— Task requirements —
Among the entries below, which lines run from the line with "Blouse made of" through the line with "For the past"? Retype those, both ends included, exactly and without pictures.
§ §
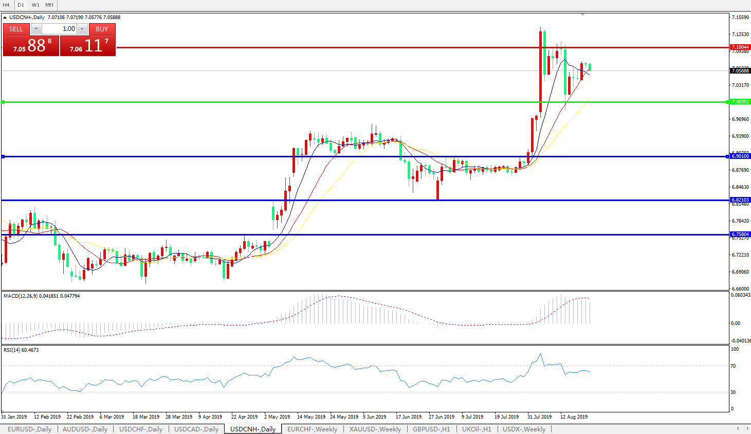 交易策略: 在7.0000之上,看涨,目标价位为7.1000,然后为7.2000。
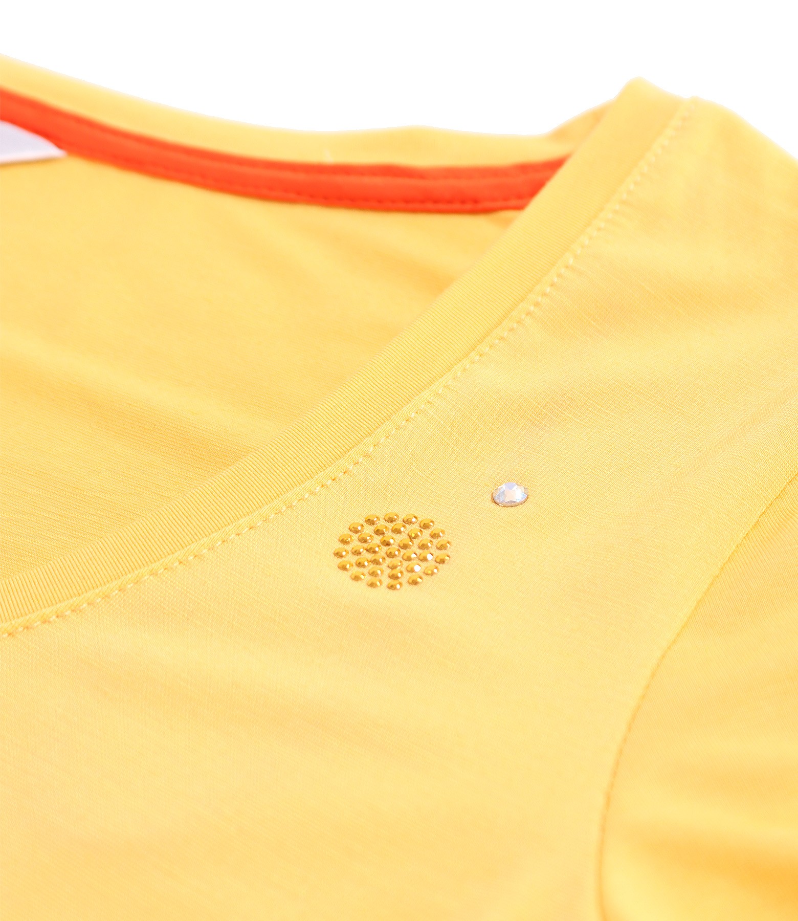 Blouse made of elastic viscose jersey, with short sleeves and round neckline.
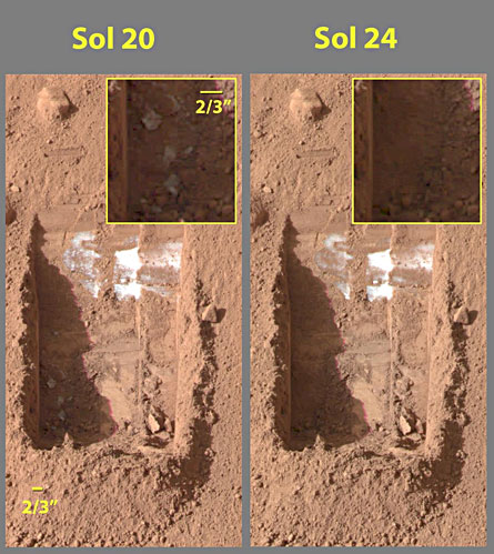 For the past three weeks, the Phoenix science team has speculated about what the bright, hard material found under the lander and uncovered in the trenches could be. The stuff could have been ice, salt or something else, explained Texas A&M scientist Mark Lemmon, a coinvestigator of the Stereo Surface Imager that captured those images. But “the things are gone,” they melted from the trench, he says. “Salt does not behave like that, so we believe these things are water ice.”
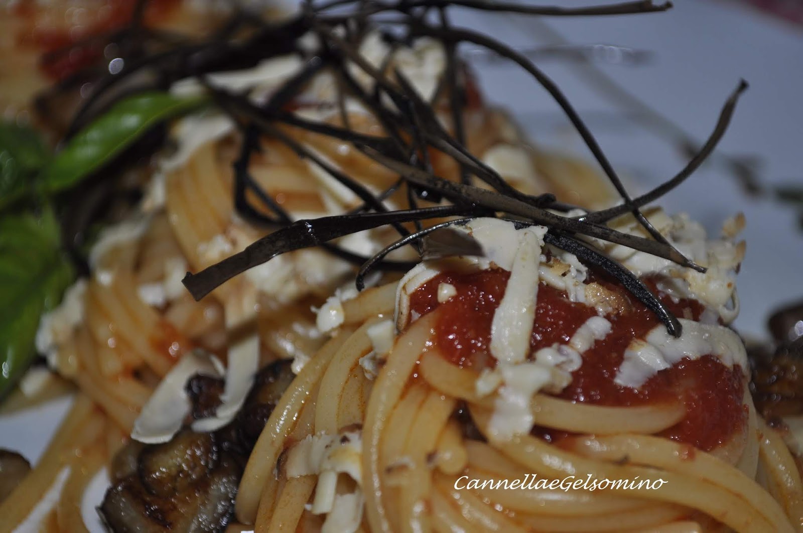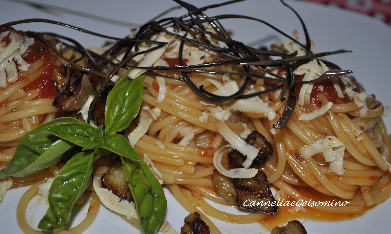 La pasta alla Norma è un tipico piatto della tradizione siciliana: normalmente si tratta di maccheroni conditi con salsa di pomodoro, melanzane fritte, ricotta salata grattugiata e basilico fresco. Come al solito però, pur nel rispetto della tradizione, mi permetto qualche divagazione seguendo i miei gusti personali: innanzitutto il formato che ho scelto è quello degli spaghetti, la salsa di pomodori non è fatta con i pelati ma con i datterini freschi e la ricotta salata è sostituita dalla ricotta al forno, altra specialità sicula meno forte, riguardo al sale, rispetto all’altra.
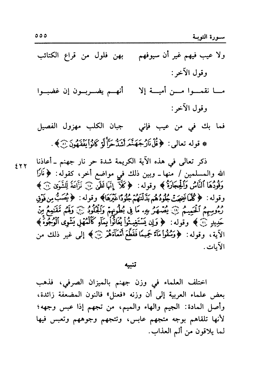 • قوله تعالى: {قُلْ نَارُ جَهَنَّمَ أَشَدُّ حَرًّا لَوْ كَانُوا يَفْقَهُونَ (٨١)}.
§ §
— Response for this exercise —
 Blouse made of elastic viscose jersey, with short sleeves and round neckline.
 For the past three weeks, the Phoenix science team has speculated about what the bright, hard material found under the lander and uncovered in the trenches could be. The stuff could have been ice, salt or something else, explained Texas A&M scientist Mark Lemmon, a coinvestigator of the Stereo Surface Imager that captured those images. But “the things are gone,” they melted from the trench, he says. “Salt does not behave like that, so we believe these things are water ice.”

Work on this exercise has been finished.